The interpolate command can be used to generate a special function within Pyxplot’s mathematical environment which interpolates a set of data points supplied from a data file. Either one- or two-dimensional interpolation is possible.

In the case of one-dimensional interpolation, various different types of interpolation are supported: linear interpolation, power law interpolation, polynomial interpolation, cubic spline interpolation and akima spline interpolation. Stepwise interpolation returns the value of the datapoint nearest to the requested point in argument space. The use of polynomial interpolation with large datasets is strongly discouraged, as polynomial fits tend to show severe oscillations between data points. Except in the case of stepwise interpolation, extrapolation is not permitted; if an attempt is made to evaluate an interpolated function beyond the limits of the data points which it interpolates, Pyxplot returns an error or value of not-a-number.

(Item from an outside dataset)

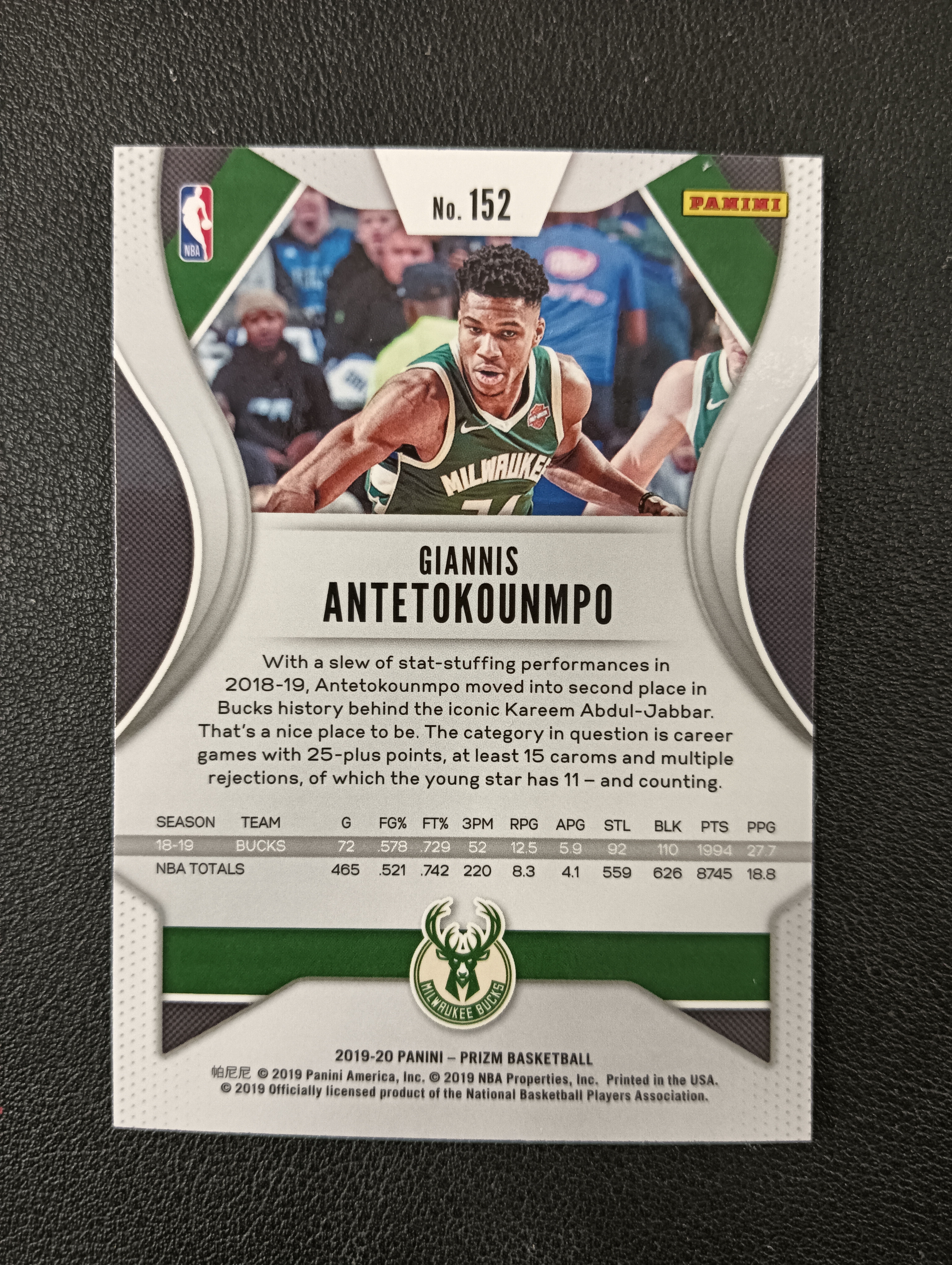 2019-20 PANINI PRIZM GIANNIS ANTETOKOUNMPO 【卡仓-起飞074】雄鹿 扬尼斯阿德托昆博 字母哥 BASE NO.152

In the case of two-dimensional interpolation, the type of interpolation to be used is set using the interpolate modifier to the set samples command, and may be changed at any time after the interpolation function has been created. The options available are nearest neighbor interpolation – which is the two-dimensional equivalent of stepwise interpolation, inverse square interpolation – which returns a weighted average of the supplied data points, using the inverse squares of their distances from the requested point in argument space as weights, and Monaghan Lattanzio interpolation, which uses the weighting function (Monaghan & Lattanzio 1985)

  $\displaystyle  w(x)  $ $\displaystyle  = 1 - \nicefrac {3}{2}v^2 + \nicefrac {3}{4}v^3  $ $\displaystyle  \, \mathrm{for~ }0\leq v\leq 1  $    
  $\displaystyle  $ $\displaystyle  = \nicefrac {1}{4}(2-v)^3  $ $\displaystyle  \, \mathrm{for~ }1\leq v\leq 2  $    

where $v=r/h$ for $h=\sqrt {A/n}$, $A$ is the product $(x_\mathrm {max}-x_\mathrm {min})(y_\mathrm {max}-y_\mathrm {min})$ and $n$ is the number of input datapoints. These are selected as follows:

set samples interpolate nearestNeighbor
set samples interpolate inverseSquare
set samples interpolate monaghanLattanzio

Finally, data can be imported from graphical images in bitmap (.bmp) format to produce a function of two arguments returning a value in the range $0\to 1$ which represents the data in one of the image’s three color channels. The two arguments are the horizontal and vertical position within the bitmap image, as measured in pixels.

A very common application of the interpolate command is to perform arithmetic functions such as addition or subtraction on datasets which are not sampled at the same abscissa values. The following example would plot the difference between two such datasets:

interpolate linear f() 'data1.dat'
interpolate linear g() 'data2.dat'
plot [min:max] f(x)-g(x)

Note that it is advisable to supply a range to the plot command in this example: because the two datasets have been turned into continuous functions, the plot command has to guess a range over which to plot them unless one is explicitly supplied.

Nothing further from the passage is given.